*** Begin section ***

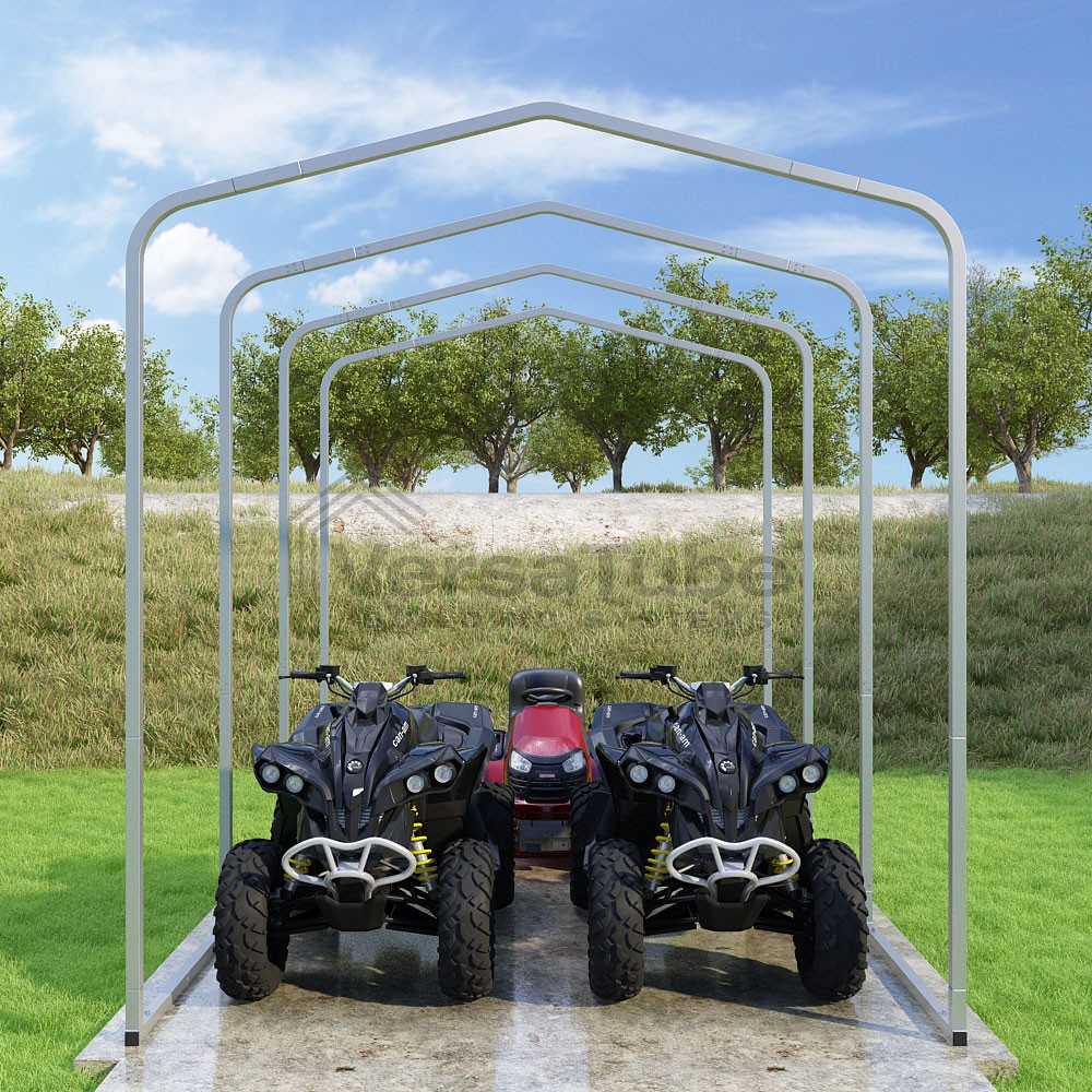 Classic Series DIY carport frame kit is designed for horizontal sheet metal application, resulting in a more cost-effective shelter or canopy solution. The rounded bends allow the sheet metal to naturally roll over the sides ensuring additional protection from elements entering from the sides.
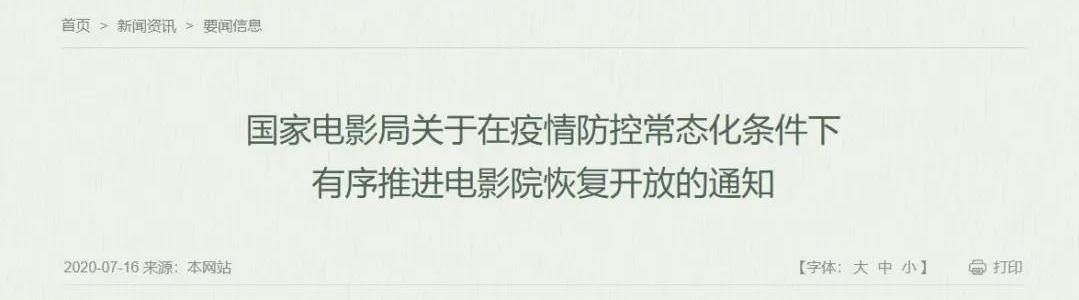 7月16日,國家電影局發布關于在疫情防控常態化條件下有序推進電影院恢復開放的通知。
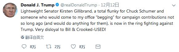 社論還列舉一籮筐它認為是特朗普的“罪過”,包括他支持醜聞纏身的阿拉巴馬州參議員候選人穆爾作虛假和誤導性表述、分化和道德失誤。吉利布蘭德則抨擊特朗普的Twitter貼文為“性別歧視抹黑”。
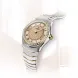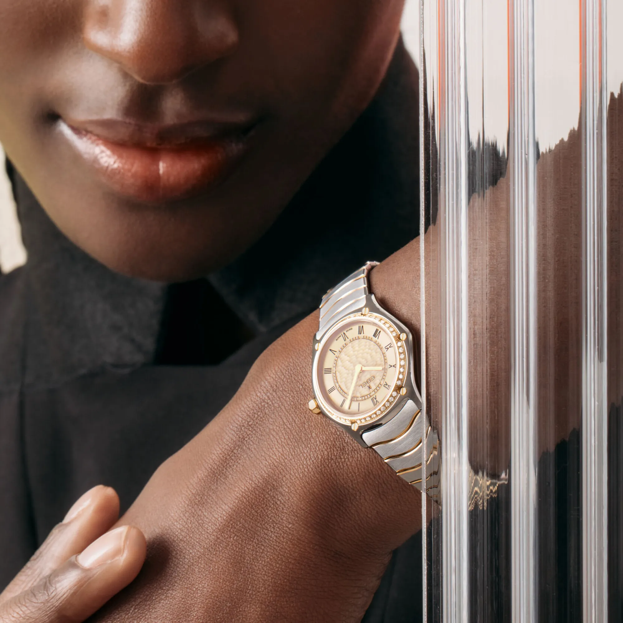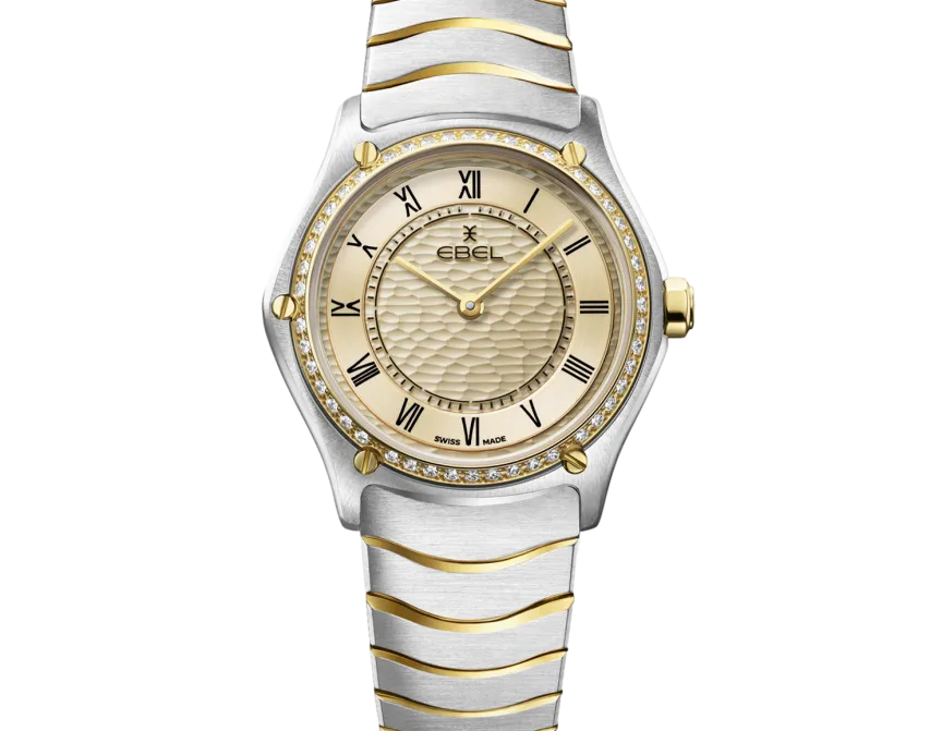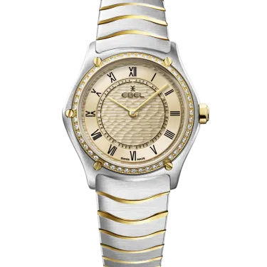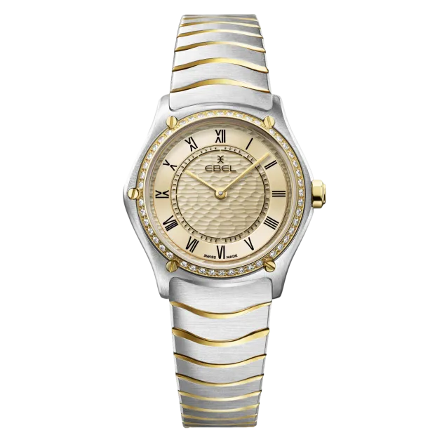 Montre EBEL Sport Classic pour femme, boîtier en acier inoxydable et or jaune 18 carats serti de 47 diamants (0,3055 ct), Ø 29 mm, cadran beige clair avec chiffres romains gravés et peints en noir, motif ondulé, verre saphir avec traitement antireflet, bracelet à maillons ondulés en acier inoxydable bicolore avec boucle déployante, mouvement à quartz suisse, étanche jusqu'à 5 bars.
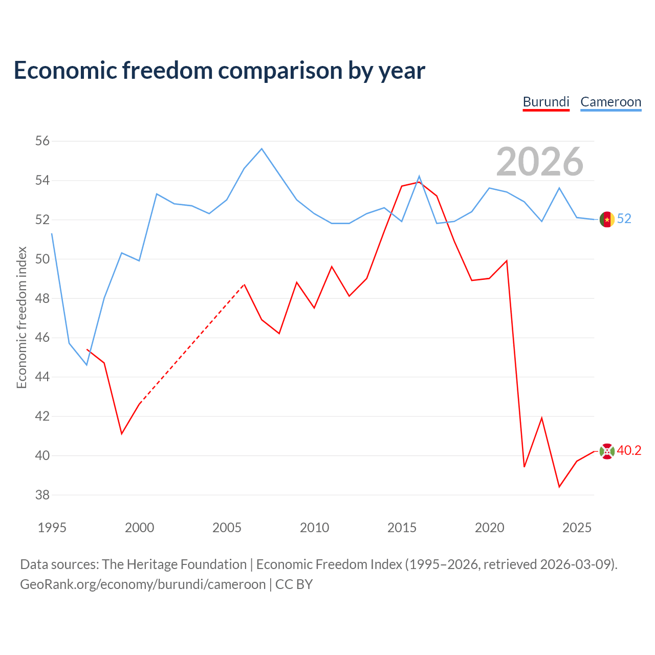 The Economic Freedom Index for Burundi is 40.2, ranking 187/197, compared to 52 for Cameroon, ranking 151/197. The chart above displays a comparison of annual changes in economic freedom indexes.
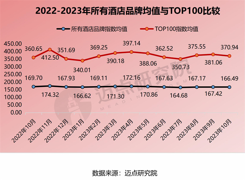 10月百強榜單和整體酒店品牌指數(shù)數(shù)據(jù)如下,TOP100品牌指數(shù)均值為370.94,環(huán)比下降
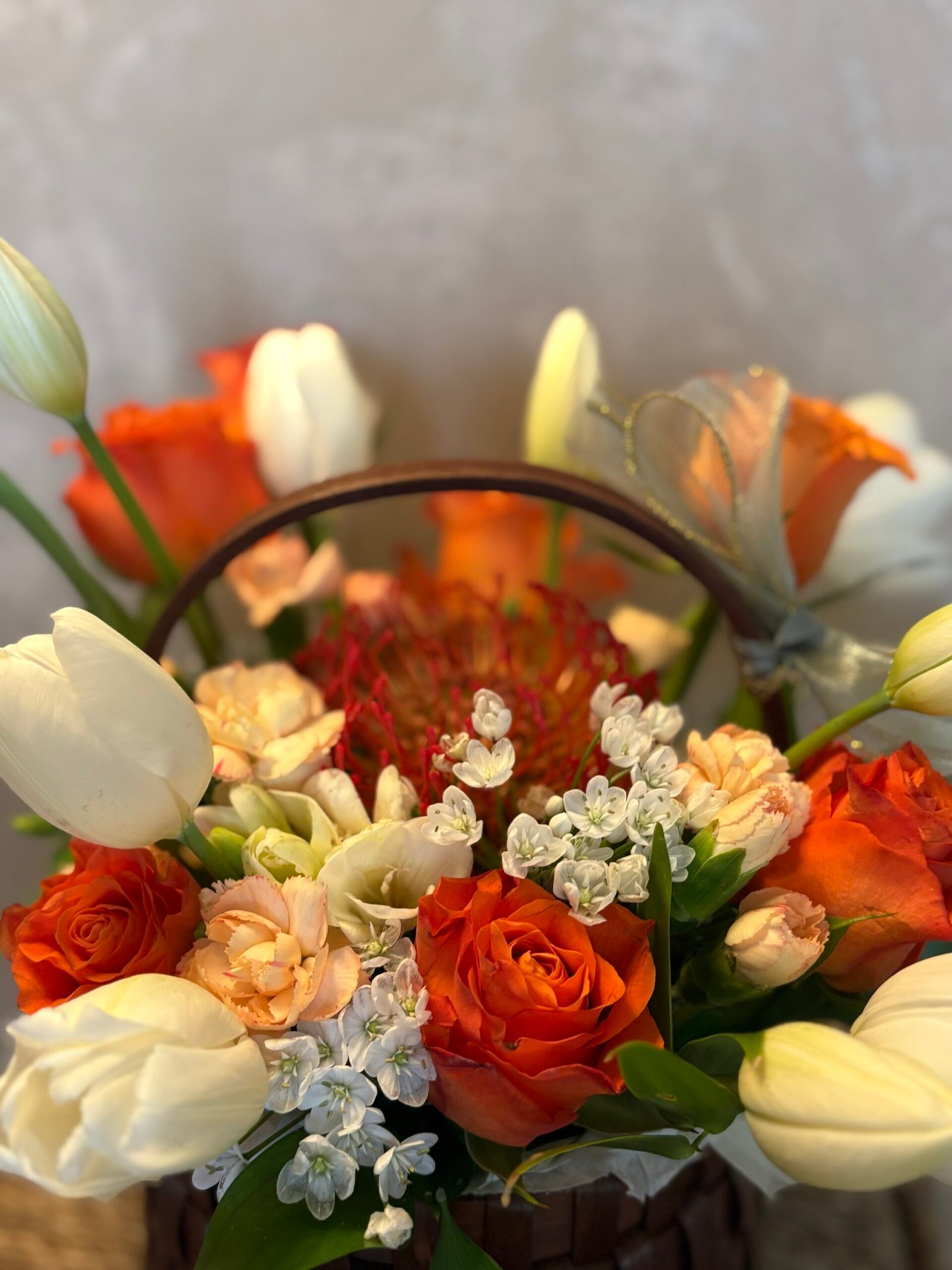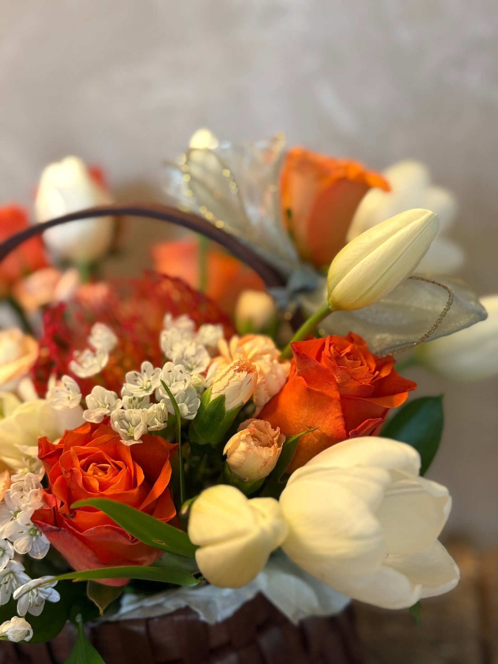 Un aranjament floral care aduce căldura unui răsărit blând direct în suflet. „Răsărit de Eleganță” îmbină armonios tonurile calde de portocaliu ale trandafirilor cu delicatețea lalelelor albe, creând un contrast rafinat și plin de lumină.
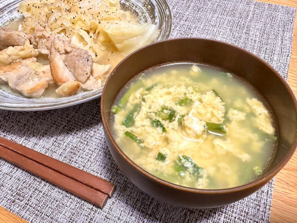 ▲ニラ玉スープは、鶏ガラスープの素に塩・ごま油をちょこっと入れて、そこに卵とニラ(それも冷凍のやつ)をパラパラっと入れて煮ただけの簡単メニュー。
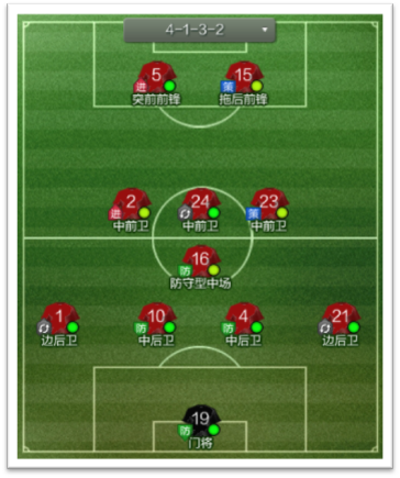 4-1-3-2这是阵型4-4-2的变形,即中场4人不再平行站位,而是3人突前,1人拖后,其中突前3人,有一位核心,既能拿球,护球,又能传威胁球和插上进攻。另2人可以称之为边锋,他们既可以中路内切,也可以边路突破,再加上4上的2个边后卫,绝对是进攻的利器。
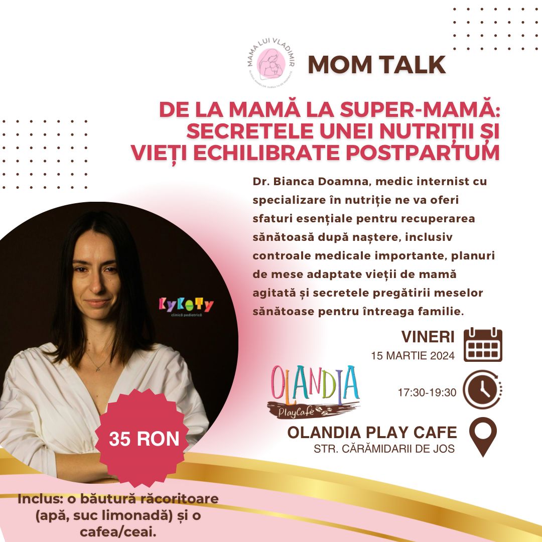 Discutăm detaliat despre schimbările ce apar în viața noastră o dată cu apariția copiilor. Cum putem să ne echilibrăm și să avem un stil de viață sănătos in ritmul alert cotidian. Vă aștept cu mare drag!
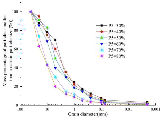 Six types of SRMs samples with various stone contents were prepared for the test, where the stone contents, denoted as P5, were 30%, 40%, 50%, 60%, 70%, and 80%, respectively. The curvature coefficient Cv for each sample was 2.0, while the non-uniformity coefficient Cu exceeded 5, indicating excellent gradation across all samples. The particle size grading curves for the samples with various stone contents are presented in Figure 3.
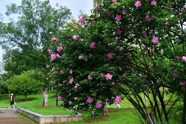 ◇ 现在才7月,菱角湖公园原本9月底开放的木芙蓉提前开放了,武汉园博园众乐苑周边200株海滨木槿花开繁茂,这些木槿属的花热烈绽放,一起扮靓武汉。
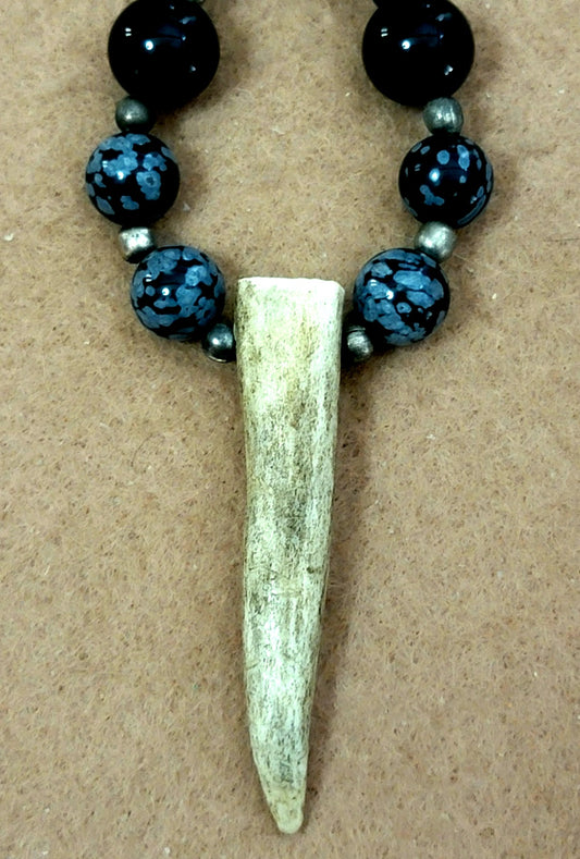 Antler Point: SnowFlake Obsidian, Black Onyx & Kukui Nut
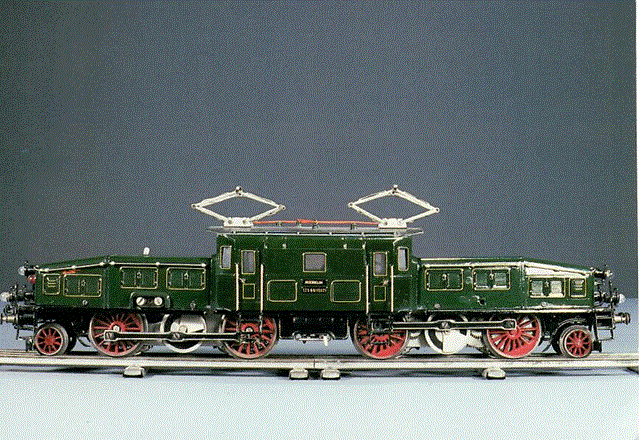 Diese grüne, handlackierte, 2-motorige Lokomotive lässt sich mittels 66er-Fern- und Handumschaltung bedienen. Sie verfügt über zwei beweglich gelagerte Vorbauten. Die Achsanordnung entspricht nicht dem Original der SBB, so sind je Motor lediglich zwei Achsen (statt drei) angetrieben. Ist aber wohl konstruktionstechnisch der Kurvengängigkeit geschuldet. Die beiden Pantografen sind nicht funktionstüchtig. Vier Angeltüren sind beweglich ausgeführt. Die Lok hat Führerstandsbeleuchtung sowie vorne wie hinten eine Stirnbeleuchtung mit je drei Lampen. Hinten befindet sich die Vorrichtung für den Anschluss der Zugsbeleuchtung. LüP. 45 cm
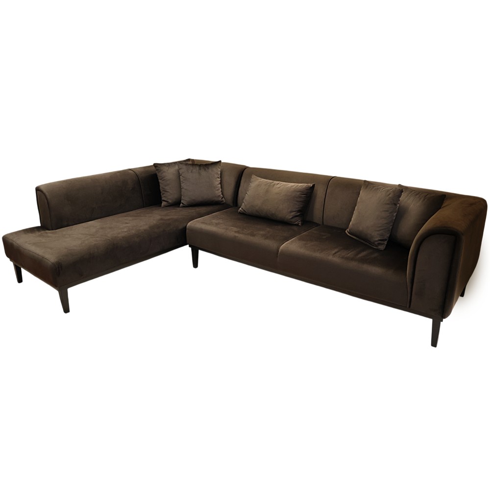 Divani këndor është një zgjedhje elegante për ata që kërkojnë një mobilje të përshtatshme për hapësirat e tyre të banimit, duke ofruar jo vetëm një pamje të bukur, por edhe komoditet dhe funksionalitet. Model djathtas, i cili do të thotë se këndi i divanit është i vendosur në anën e djathtë kur jeni përballë. Përmban një tapiceri tekstili, me ngjyrën kafe të errët. Kjo ngjyrë mund të kontribuojë në krijimin e një atmosfere të sofistikuar dhe të qetë, mund të përshtatet lëhtë me dekorin e shtëpisë.
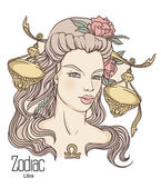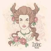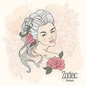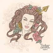 Zodiac. Vector illustration of Pisces as girl with flowers.
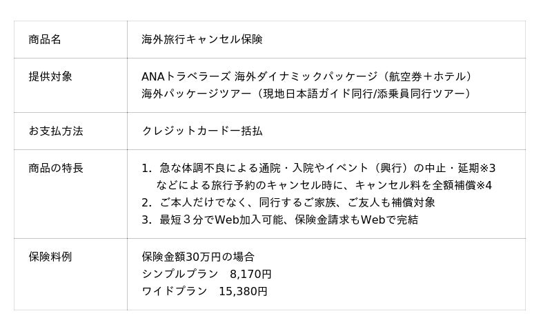 ANA X株式会社(本社:東京都中央区、代表取締役社長:神田 真也、以下「ANA X」)、ANAファシリティーズ株式会社(本社:東京都中央区、代表取締役社長:近藤 博之、以下「ANAファシリティーズ」)、損害保険ジャパン株式会社の子会社で少額短期保険業を営むMysurance(マイシュアランス)株式会社(本社:東京都新宿区、代表取締役社長:清水 廣臣、以下「Mysurance」)は、ANAトラベラーズ 海外ダイナミックパッケージ(航空券+宿泊)および海外パッケージツアー(現地日本語ガイド同行/添乗員同行ツアー)の予約と同時に、簡単かつシームレスに手続きが可能な「海外旅行キャンセル保険」のご案内を2025年12月17日より開始します。
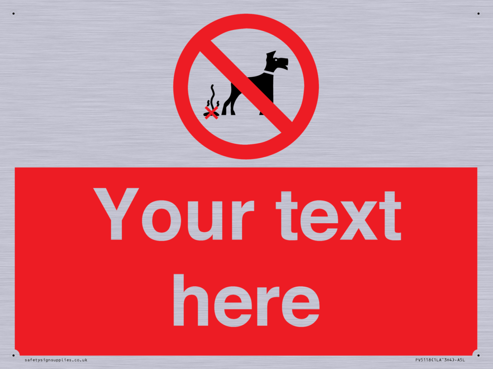 Custom No Dog Fouling Sign. Add your own custom text. Normal delivery times apply. Red No Dog Fouling Symbol. This symbol and sign layout complies with new EN7010 legislation that governs safety signs.
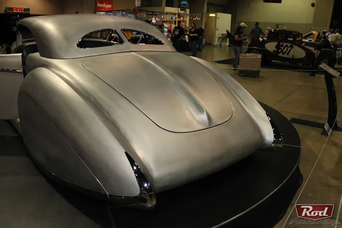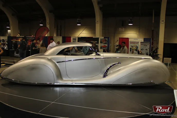 The flowing teardrop body is complemented by aggressive details like the beautifully scalloped side pipes. Enclosed pontoon fenders carry chrome rearward while the ornate DuVall-style windshield and lift-off hardtop exude early hot rod spirit.

*** End section ***

### Required action:
Exactly the lines above, from the one containing "7月16日,國家電影局發布關" down to the one containing "Antler Point: SnowFlake", are to be repeated, including both ends. Pictures are not part of the copy.

### Result of the exercise:
 7月16日,國家電影局發布關于在疫情防控常態化條件下有序推進電影院恢復開放的通知。
 社論還列舉一籮筐它認為是特朗普的“罪過”,包括他支持醜聞纏身的阿拉巴馬州參議員候選人穆爾作虛假和誤導性表述、分化和道德失誤。吉利布蘭德則抨擊特朗普的Twitter貼文為“性別歧視抹黑”。
 Montre EBEL Sport Classic pour femme, boîtier en acier inoxydable et or jaune 18 carats serti de 47 diamants (0,3055 ct), Ø 29 mm, cadran beige clair avec chiffres romains gravés et peints en noir, motif ondulé, verre saphir avec traitement antireflet, bracelet à maillons ondulés en acier inoxydable bicolore avec boucle déployante, mouvement à quartz suisse, étanche jusqu'à 5 bars.
 The Economic Freedom Index for Burundi is 40.2, ranking 187/197, compared to 52 for Cameroon, ranking 151/197. The chart above displays a comparison of annual changes in economic freedom indexes.
 10月百強榜單和整體酒店品牌指數(shù)數(shù)據(jù)如下,TOP100品牌指數(shù)均值為370.94,環(huán)比下降
 Un aranjament floral care aduce căldura unui răsărit blând direct în suflet. „Răsărit de Eleganță” îmbină armonios tonurile calde de portocaliu ale trandafirilor cu delicatețea lalelelor albe, creând un contrast rafinat și plin de lumină.
 ▲ニラ玉スープは、鶏ガラスープの素に塩・ごま油をちょこっと入れて、そこに卵とニラ(それも冷凍のやつ)をパラパラっと入れて煮ただけの簡単メニュー。
 4-1-3-2这是阵型4-4-2的变形,即中场4人不再平行站位,而是3人突前,1人拖后,其中突前3人,有一位核心,既能拿球,护球,又能传威胁球和插上进攻。另2人可以称之为边锋,他们既可以中路内切,也可以边路突破,再加上4上的2个边后卫,绝对是进攻的利器。
 Discutăm detaliat despre schimbările ce apar în viața noastră o dată cu apariția copiilor. Cum putem să ne echilibrăm și să avem un stil de viață sănătos in ritmul alert cotidian. Vă aștept cu mare drag!
 Six types of SRMs samples with various stone contents were prepared for the test, where the stone contents, denoted as P5, were 30%, 40%, 50%, 60%, 70%, and 80%, respectively. The curvature coefficient Cv for each sample was 2.0, while the non-uniformity coefficient Cu exceeded 5, indicating excellent gradation across all samples. The particle size grading curves for the samples with various stone contents are presented in Figure 3.
 ◇ 现在才7月,菱角湖公园原本9月底开放的木芙蓉提前开放了,武汉园博园众乐苑周边200株海滨木槿花开繁茂,这些木槿属的花热烈绽放,一起扮靓武汉。
 Antler Point: SnowFlake Obsidian, Black Onyx & Kukui Nut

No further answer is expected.